Connecting to raw.githubusercontent.com (raw.githubusercontent.com)|185.199.108.133|:443... connected.
HTTP request sent, awaiting response... 200 OK
Length: 1608 (1.6K) [text/plain]
Saving to: ‘STDOUT’


2021-10-23 16:14:50 (33.1 MB/s) - written to stdout [1608/1608]

setup Colab for PySpark 3.0.2 and Spark NLP 3.1.0
Get:1 https://cloud.r-project.org/bin/linux/ubuntu bionic-cran40/ InRelease [3,626 B]
Ign:2 https://developer.download.nvidia.com/compute/cuda/repos/ubuntu1804/x86_64  InRelease
Get:3 https://cloud.r-project.org/bin/linux/ubuntu bionic-cran40/ Packages [69.5 kB]
Ign:5 https://developer.download.nvidia.com/compute/machine-learning/repos/ubuntu1804/x86_64  InRelease
Get:6 https://developer.download.nvidia.com/compute/cuda/repos/ubuntu1804/x86_

In [5]:
import sparknlp
spark= sparknlp.start()

In [6]:
from sparknlp.annotator import *
from sparknlp.base import *
from pyspark.ml import Pipeline
from pyspark.sql import functions as F
import pandas as pd

Now, I will create annotators and models and put them into a pipeline. 

In [12]:
documentAssembler= DocumentAssembler()\
    .setInputCol("text")\
    .setOutputCol("document")

tokenizer= Tokenizer()\
    .setInputCols(["document"])\
    .setOutputCol("token")

spell_checker= ContextSpellCheckerModel.pretrained()\
    .setInputCols("token")\
    .setOutputCol("checked")

word_embedding= WordEmbeddingsModel.pretrained("glove_100d")\
    .setInputCols(["document", "checked"])\
    .setOutputCol("embeddings")

onto_ner = NerDLModel.pretrained("onto_100", 'en') \
          .setInputCols(["document", "checked", "embeddings"]) \
          .setOutputCol("ner")

ner_converter= NerConverter()\
    .setInputCols(["document", "checked", "ner"])\
    .setOutputCol("entities")

nlp_pipeline= Pipeline(stages=[ 
                               documentAssembler,
                               tokenizer,
                               spell_checker,
                               word_embedding,
                               onto_ner,
                               ner_converter
])

spellcheck_dl download started this may take some time.
Approximate size to download 111.4 MB
[OK!]
glove_100d download started this may take some time.
Approximate size to download 145.3 MB
[OK!]
onto_100 download started this may take some time.
Approximate size to download 13.5 MB
[OK!]


Fitting the pipeline

In [83]:
empty_df= spark.createDataFrame([[" "]]).toDF("text")
model= nlp_pipeline.fit(empty_df)

In [158]:
example= ["""Wesley Sneijder is a great player and he has numbers of achievements such as a World Cup, a UEFA Champions League title in his career.
             However, he declared his retirement last week on BBCSport livestream"""] #sample text data
df= spark.createDataFrame([example]).toDF("text")

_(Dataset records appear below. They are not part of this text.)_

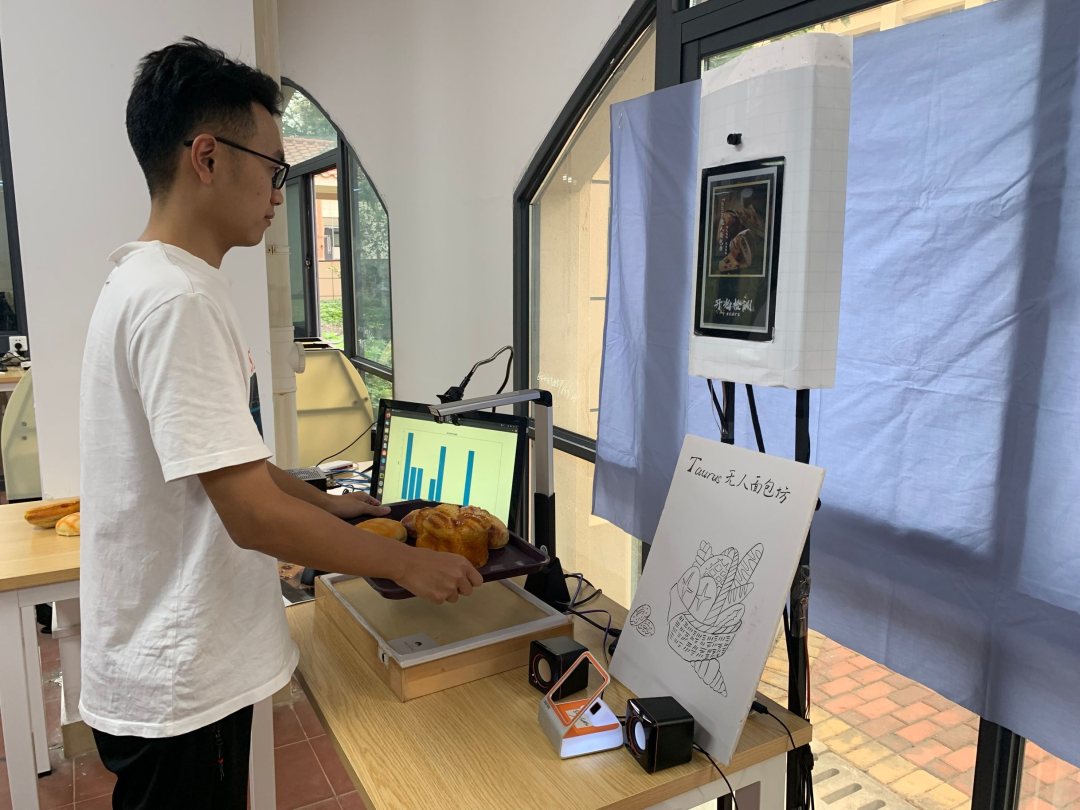 “凰月流芯”创新团队由我院2019级本科生林朴坚,廖元熙,黄添豪三名同学组成(指导老师:林和志高级工程师)。参赛作品“Taurus无人面包房”,主要实现了无人面包房中方便快捷的“放、支付”两步自动结算。作品由Taurus自助收银终端、面包识别台、和Linux服务器三个子系统组成。作品基于海思嵌入式NNIE深度学习硬件加速引擎实现快速面包检测,基于Qt实现收银终端交互界面及人性化语音提示,采用刷脸支付和扫码支付两种自助结算方式,并实现销售信息数据库的部署等功能。作品较好的完整性和较高的展示度获得了评委的关注与好评,展现了厦大学子过硬的技术实力。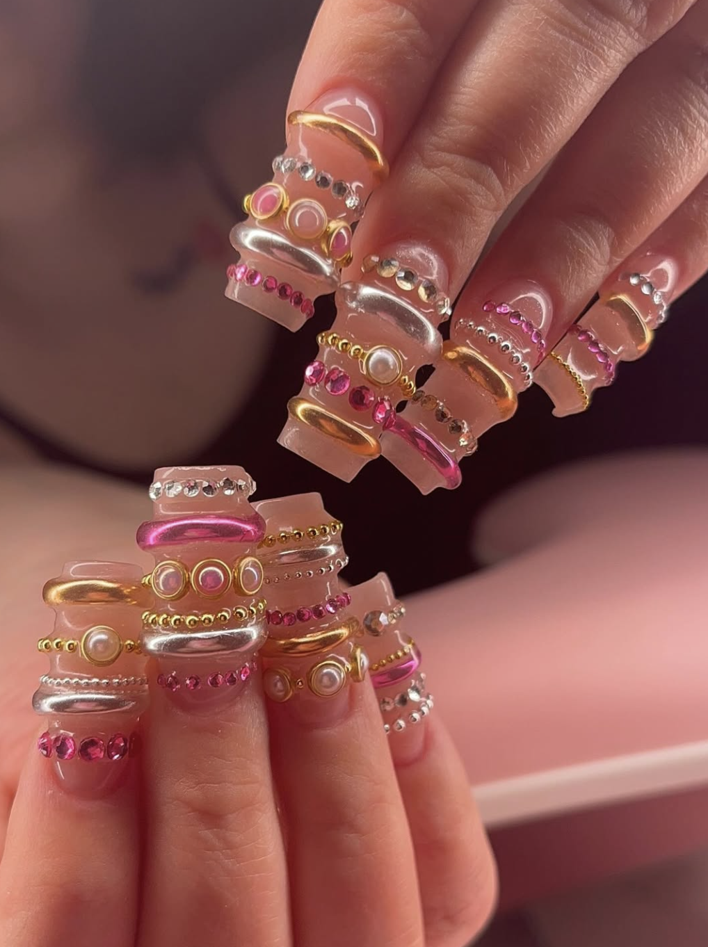 This set is a case study in layering, using a vibrant mix of fuchsia, bubblegum, and rose gold. The "bangle" effect is achieved by stacking different 3D mediums: thick translucent jelly bands that look like resin jewelry, paired with metallic gold rings and rows of sparkling pink rhinestones. The sheer variety of textures on each nail creates a stacked-bracelet look that feels playful, bold, and undeniably Y2K-inspired.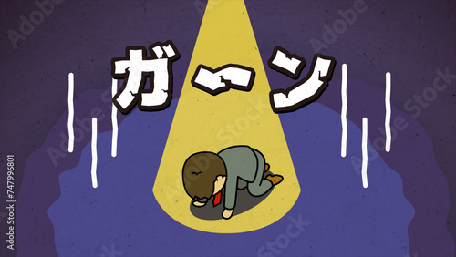 「ガーン」の文字付き・四つん這いで絶望を感じているサラリーマンのイメージカット

By the classic method we transform the model. 

In [159]:
ner_result= model.transform(df)
ner_result.columns

['text', 'document', 'token', 'checked', 'embeddings', 'ner', 'entities']

Inspecting the results in classic method.

In [160]:
result_df=  ner_result.select(F.explode(F.arrays_zip("token.result", "checked.result", "ner.result", "entities.result")).alias("col"))\
                .select(F.expr("col['0']").alias("token"),
                        F.expr("col['1']").alias("spell_checked"),
                        F.expr("col['2']").alias("ner"),
                        F.expr("col['3']").alias("entities"))
result_df.show(truncate=False)

+------------+-------------+--------+---------------------+
|token       |spell_checked|ner     |entities             |
+------------+-------------+--------+---------------------+
|Wesley      |Wesley       |B-PERSON|Wesley Sneijder      |
|Sneijder    |Snider       |I-PERSON|a World Cup          |
|is          |is           |O       |UEFA Champions League|
|a           |a            |O       |last week            |
|great       |great        |O       |BBCSport             |
|player      |player       |O       |null                 |
|and         |and          |O       |null                 |
|he          |he           |O       |null                 |
|has         |has          |O       |null                 |
|numbers     |numbers      |O       |null                 |
|of          |of           |O       |null                 |
|achievements|achievements |O       |null                 |
|such        |such         |O       |null                 |
|as          |as           |O       |nul

We created pipeline as well as model and saw the results. <br/>
Now, we will install **sparknlp display** package and see the result by using sparknlp **LightPipeine**

Creating LightPipeline and annotating it.

In [161]:
lp= LightPipeline(model)
lp_result= lp.fullAnnotate(example)[0]
lp_result.keys()

dict_keys(['entities', 'checked', 'document', 'token', 'ner', 'embeddings'])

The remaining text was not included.